# THE TASK
Omit any picture, and return the remaining data exactly as written.

# SOURCE DATA
--- START ---

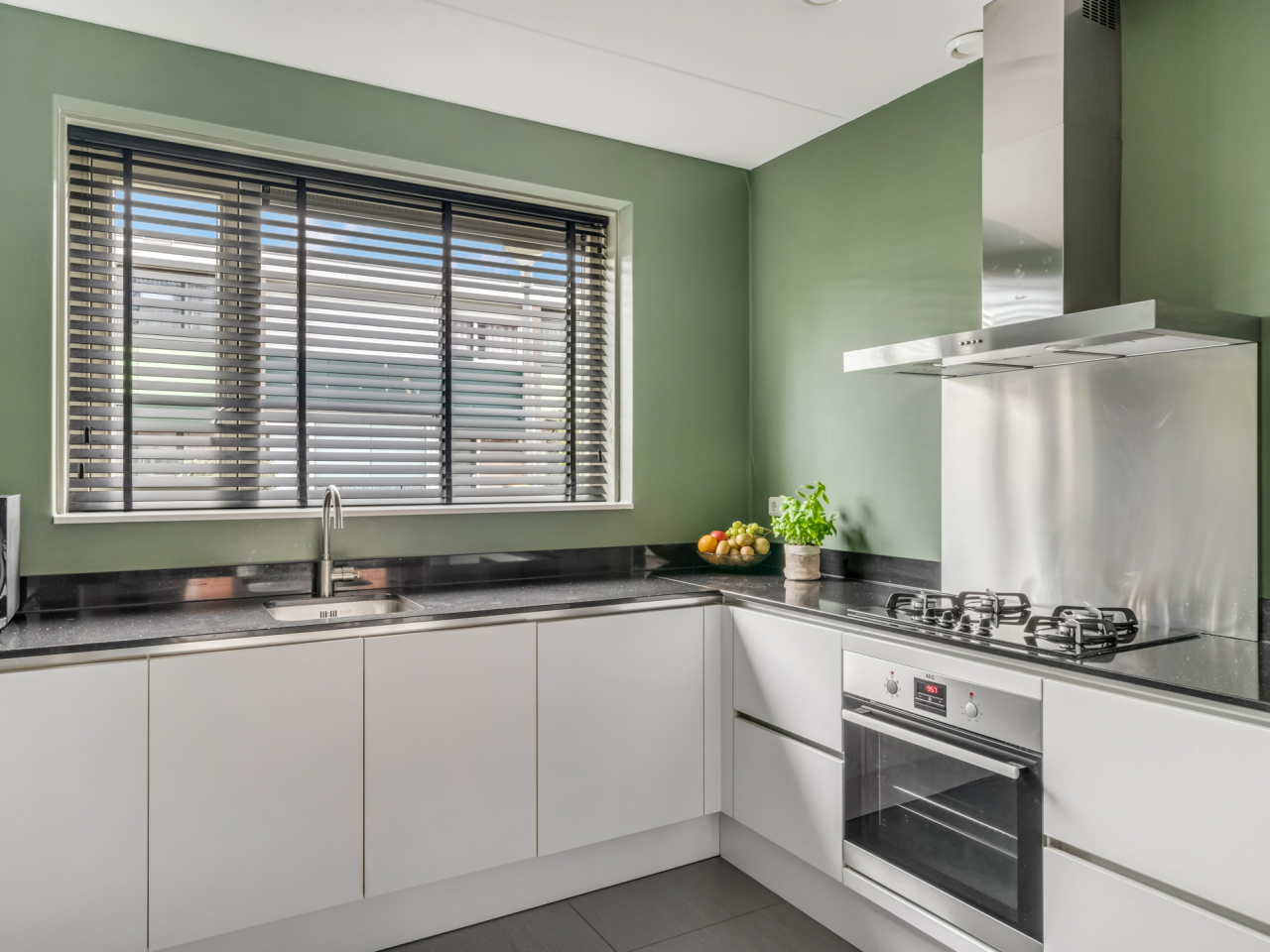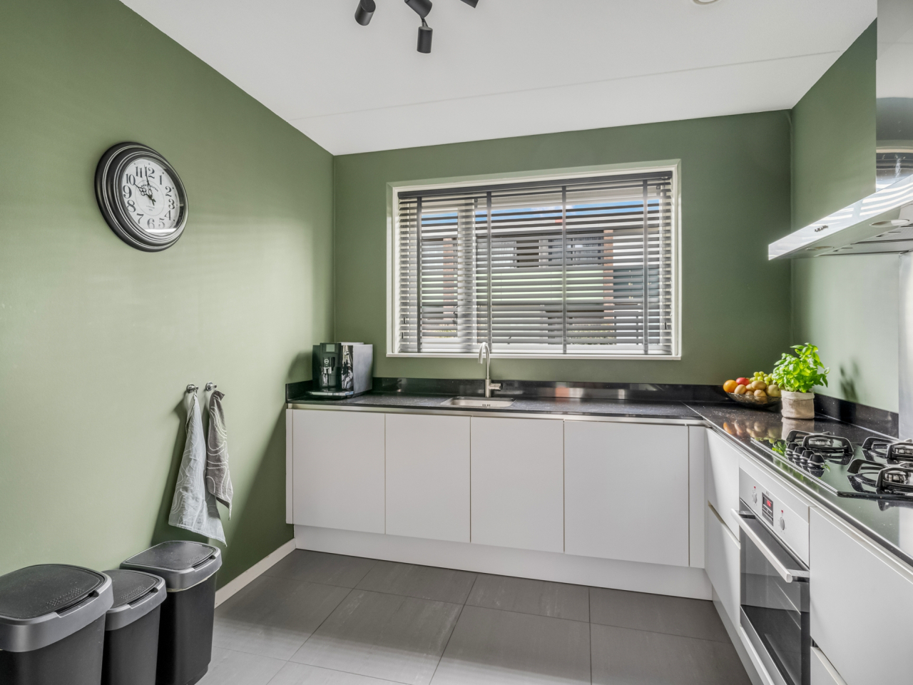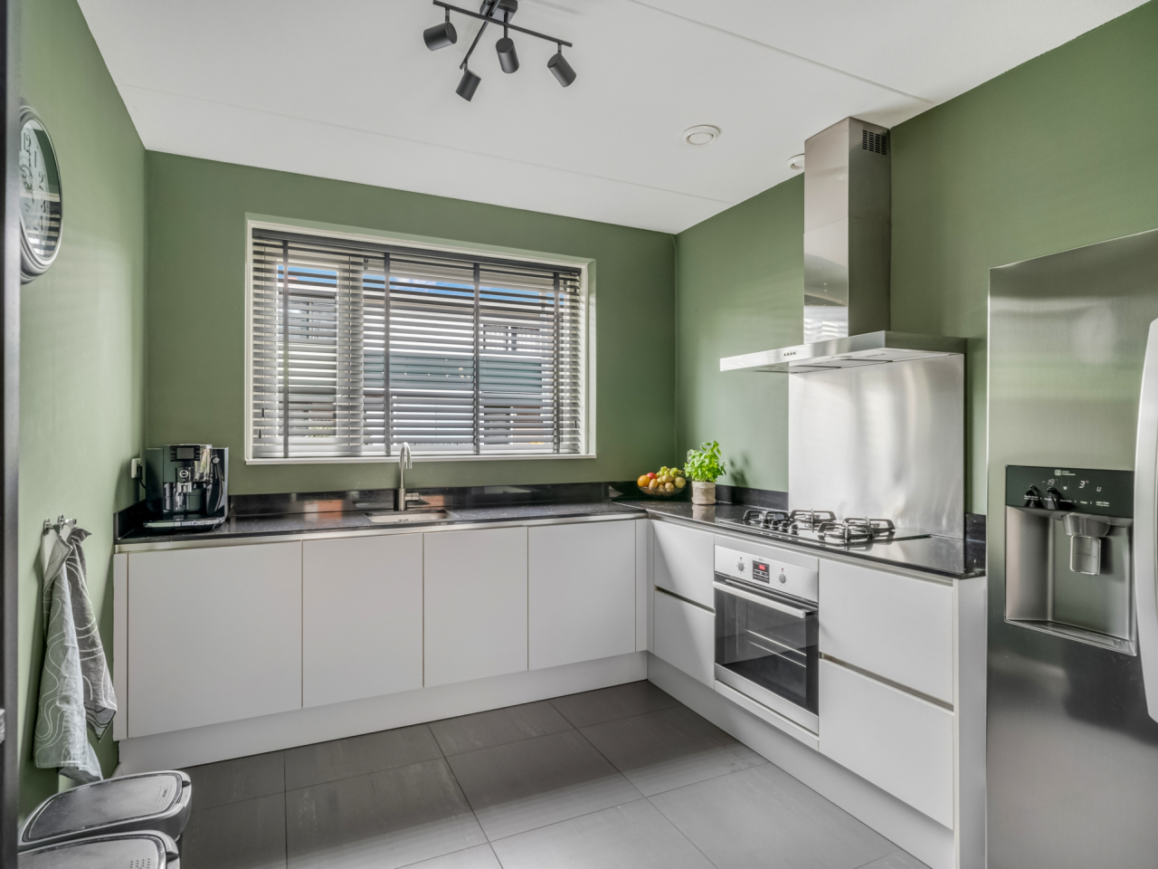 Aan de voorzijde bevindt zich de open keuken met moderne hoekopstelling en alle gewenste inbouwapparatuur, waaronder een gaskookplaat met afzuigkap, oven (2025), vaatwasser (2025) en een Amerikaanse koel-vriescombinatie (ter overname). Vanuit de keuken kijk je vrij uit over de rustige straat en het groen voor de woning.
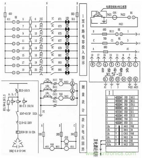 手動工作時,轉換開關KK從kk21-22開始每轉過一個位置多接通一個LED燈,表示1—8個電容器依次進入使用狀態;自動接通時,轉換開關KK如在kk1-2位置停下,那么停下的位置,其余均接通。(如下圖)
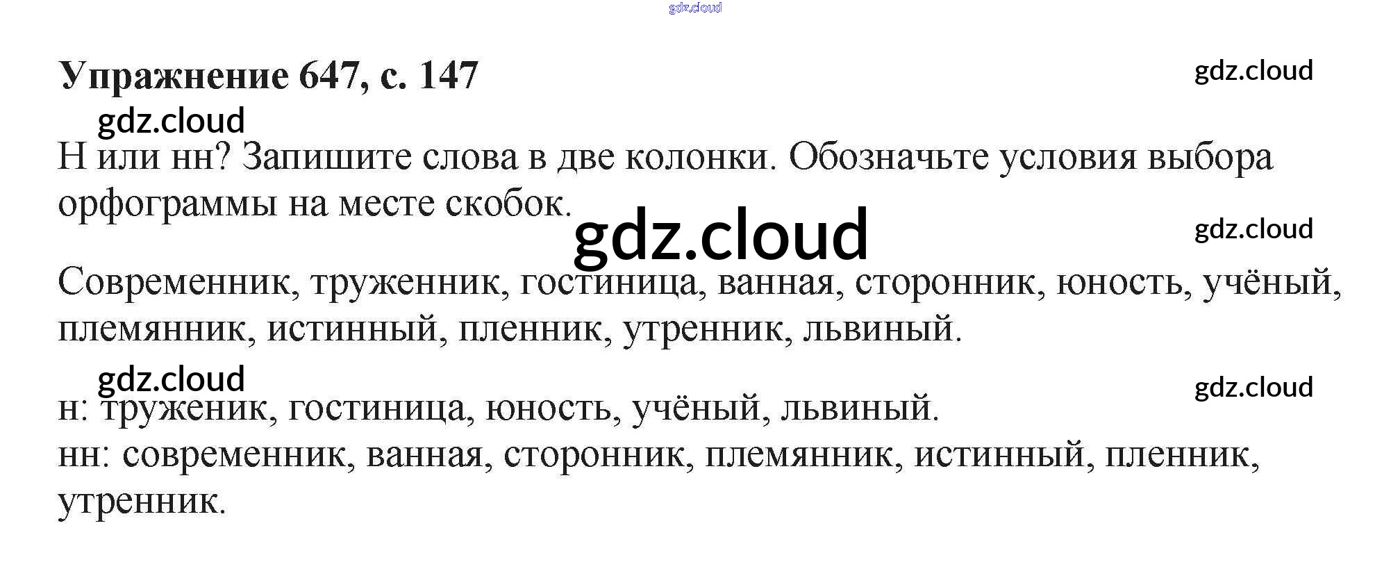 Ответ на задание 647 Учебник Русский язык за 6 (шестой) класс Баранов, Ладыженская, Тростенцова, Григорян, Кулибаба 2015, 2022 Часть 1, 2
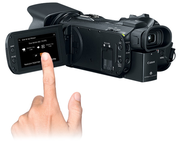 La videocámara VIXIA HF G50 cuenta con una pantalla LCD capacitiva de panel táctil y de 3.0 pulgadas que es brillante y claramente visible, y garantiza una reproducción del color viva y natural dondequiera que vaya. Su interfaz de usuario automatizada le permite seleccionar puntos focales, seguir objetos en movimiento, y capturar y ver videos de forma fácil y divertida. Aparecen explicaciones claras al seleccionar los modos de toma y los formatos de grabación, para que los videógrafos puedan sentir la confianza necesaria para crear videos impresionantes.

--- END ---

# RESULT OF THE TASK
 Aan de voorzijde bevindt zich de open keuken met moderne hoekopstelling en alle gewenste inbouwapparatuur, waaronder een gaskookplaat met afzuigkap, oven (2025), vaatwasser (2025) en een Amerikaanse koel-vriescombinatie (ter overname). Vanuit de keuken kijk je vrij uit over de rustige straat en het groen voor de woning.
 手動工作時,轉換開關KK從kk21-22開始每轉過一個位置多接通一個LED燈,表示1—8個電容器依次進入使用狀態;自動接通時,轉換開關KK如在kk1-2位置停下,那么停下的位置,其余均接通。(如下圖)
 Ответ на задание 647 Учебник Русский язык за 6 (шестой) класс Баранов, Ладыженская, Тростенцова, Григорян, Кулибаба 2015, 2022 Часть 1, 2
 La videocámara VIXIA HF G50 cuenta con una pantalla LCD capacitiva de panel táctil y de 3.0 pulgadas que es brillante y claramente visible, y garantiza una reproducción del color viva y natural dondequiera que vaya. Su interfaz de usuario automatizada le permite seleccionar puntos focales, seguir objetos en movimiento, y capturar y ver videos de forma fácil y divertida. Aparecen explicaciones claras al seleccionar los modos de toma y los formatos de grabación, para que los videógrafos puedan sentir la confianza necesaria para crear videos impresionantes.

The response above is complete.